The EZ-IO Vascular Access System is currently indicated to include the distal femur for pediatric patients. Teleflex acquired Vidacare Corp. in December 2013. As the manufacturer of the EZ-IO Vascular Access System, Vidacare LLC is a provider of intraosseous, or inside the bone, access devices.

"In my clinical work in a free-standing, academic pediatric emergency department and Level 1 trauma center, as well as in a large community hospital emergency department, rapid identification and treatment of pediatric patients with difficult vascular access is paramount," said Mark Waltzman, MD, FAAP, Chief of Pediatrics, South Shore Hospital, Assistant Professor, Department of Pediatrics at Harvard Medical School and an attending physician with the Division of Emergency Medicine at Boston Children's Hospital. Waltzman is a paid consultant for Vidacare LLC.

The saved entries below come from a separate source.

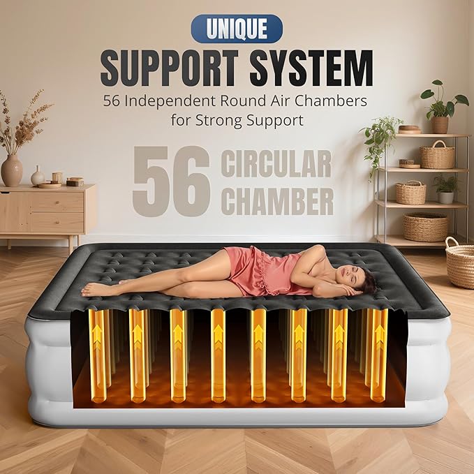 - Innovative Independent Support System: Our inflatable mattress features a unique independent support system composed of multiple air chambers. Each chamber operates independently, adapting to your body shape and movements to provide targeted support precisely where you need it most. This design not only enhances overall comfort but also helps reduce pressure points, ensuring a peaceful sleep for people of all body types.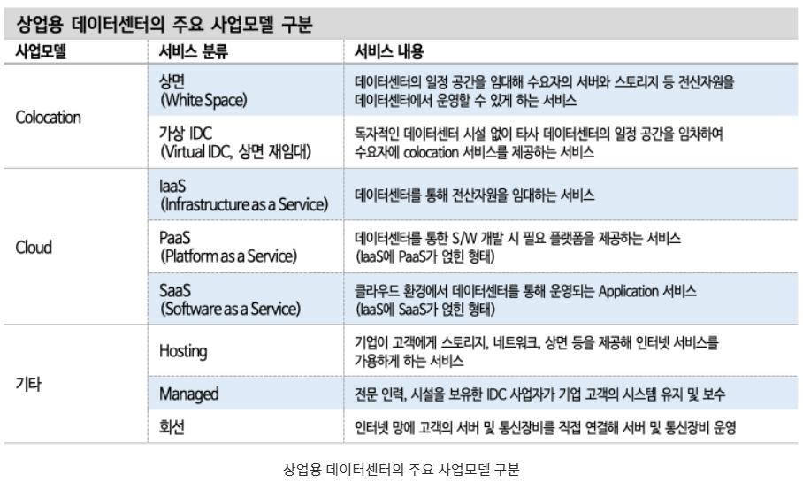 - 서버 호스팅: 서버를 임대하여 사용하며, IDC 사업자가 서버의 운영 및 관리를 대행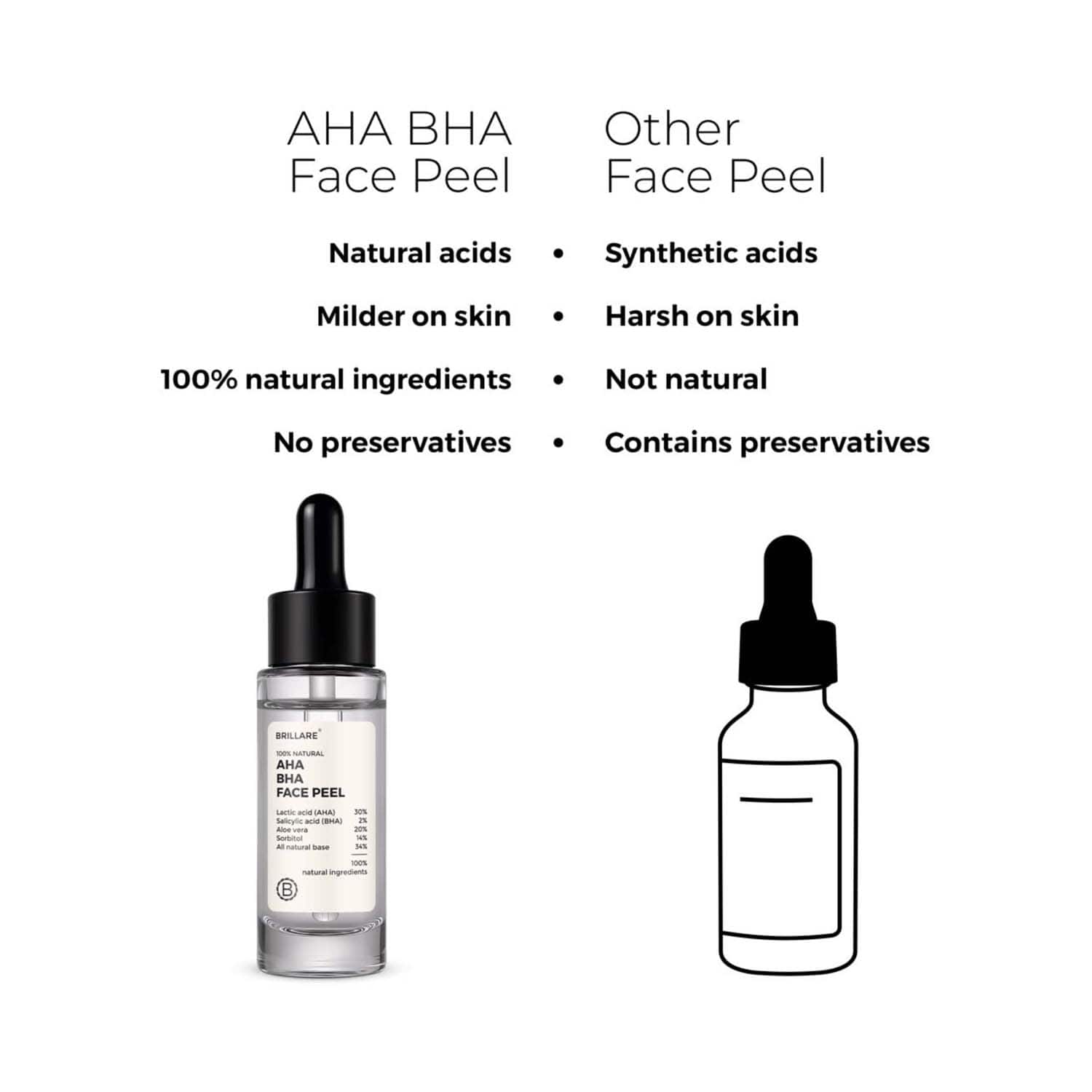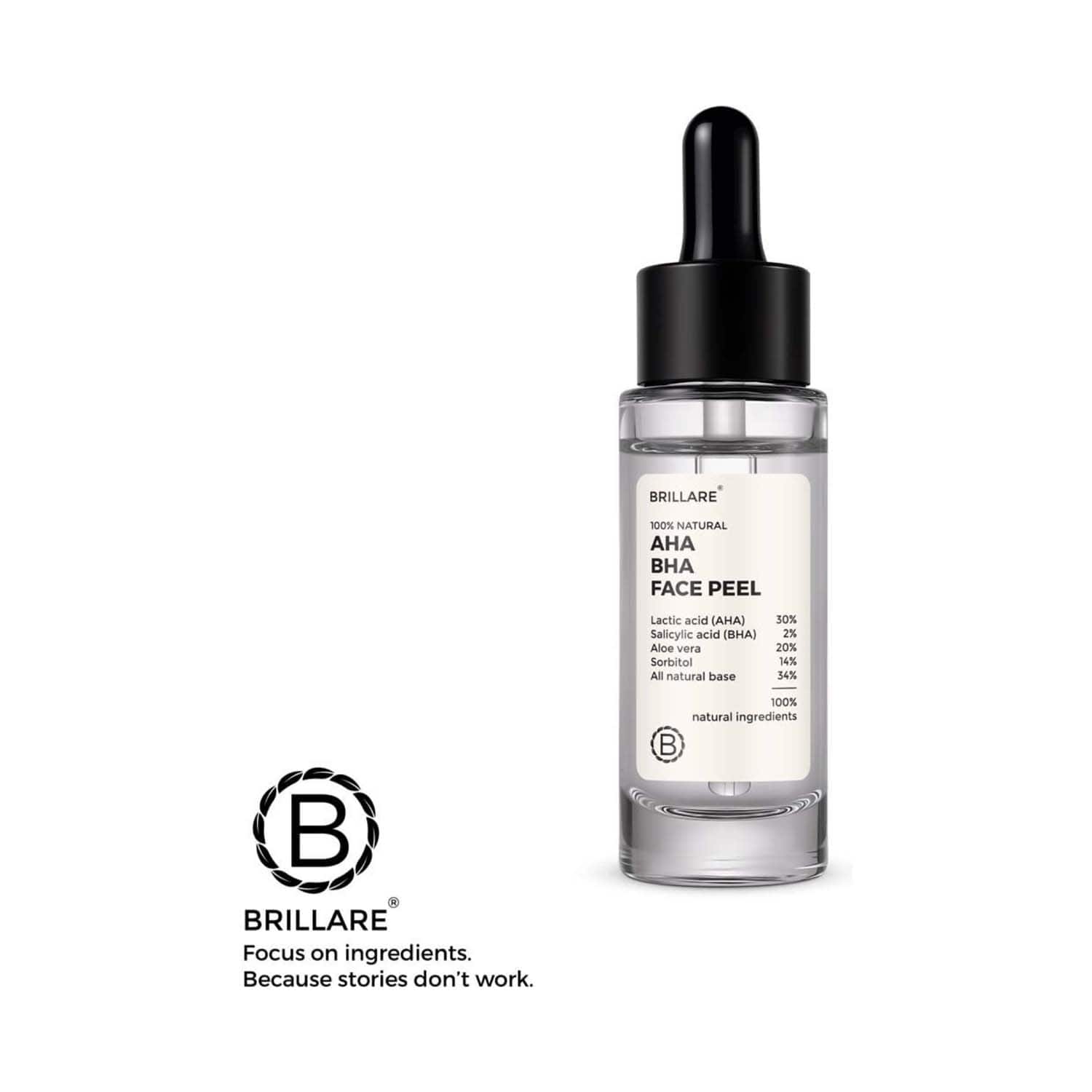Bid farewell to skin dullness with the Brillare AHA BHA Face Peel For Smoother Blemish-Free Skin (30ml). This exfoliating face-peeling solution is infused with AHA and BHA to naturally exfoliate dead skin cells and leave the face glowing and smoother. Also, this Brillare face peel reduces the signs of aging to make you look more youthful. Key Features & Benefits:Formulated with lactic acid and salicylic acid to exfoliate the skinRemoves dead skin cells to make the skin glowing and smootherEffectively unclogs pores for a fresh complexion100% natural formula is safe to use on all skin types Key Ingredients:Lactic acid: Exfoliates the skin, lightens dark spots, and improves the look of wrinklesSalicylic acid: Mildly exfoliates the skin, removes excess oil, and reduces whiteheads and blackheads formation All Ingredients:Fermented Sugar Derived Aha 30% (Lactic Acid), Sugarcane Derived Moisturiser 20% (Butylene Glycol), Aloe Vera Juice 20% (Aloe Barbadensis Leaf Juice), Potato Starch Derived Moisturiser (Sorbitol) 14.1%, Fermented Sugar Derived Moisturiser 12% (Sodium Lactate), Salicylic Acid From Wintergreen Leaf 2% (Gaultheria Procumbens), Marine Salt Derived Ph Balancer 1% (Sodium Hydroxide), Rose & Coconut Derived Antimicrobial 0.7% (Caprylhydroxamic Acid & Phenethyl Alcohol), Fermented Corn Derived Water Softener 0.2% (Sodium Gluconate). How to Use:Clean your face. Then, take 3-4 drops of the face-peeling solution on your palm with the dropper. Layer it on your face without massaging. Avoid dripping it on the eyes and lips. Leave it for not more than 15 minutes and rinse it off with cold water. Repeat every week. About the Brand:Initiated in 2009, Brillare is an Indian personal care brand founded by Jigar Patel and his team of five core members. It offers a wide range of products like shampoo, creams, etc., targeted at specific skin care and hair care woes. The brand aims to provide unmatched care to its customers and help them efficiently resolve their skin and hair issues. Thus, all products of Brillare are 100% natural and do not use any chemicals or preservatives that can harm your hair or skin in the long run.

He added, "The restated indication for the EZ-IO® Vascular Access System that allows distal femur insertion in pediatric patients helps streamline care for healthcare professionals when time is critical. We, in the medical community, believe that the distal femur is a viable location for pediatric intraosseous access and I am grateful Teleflex has heard our feedback on this matter and pushed for this change."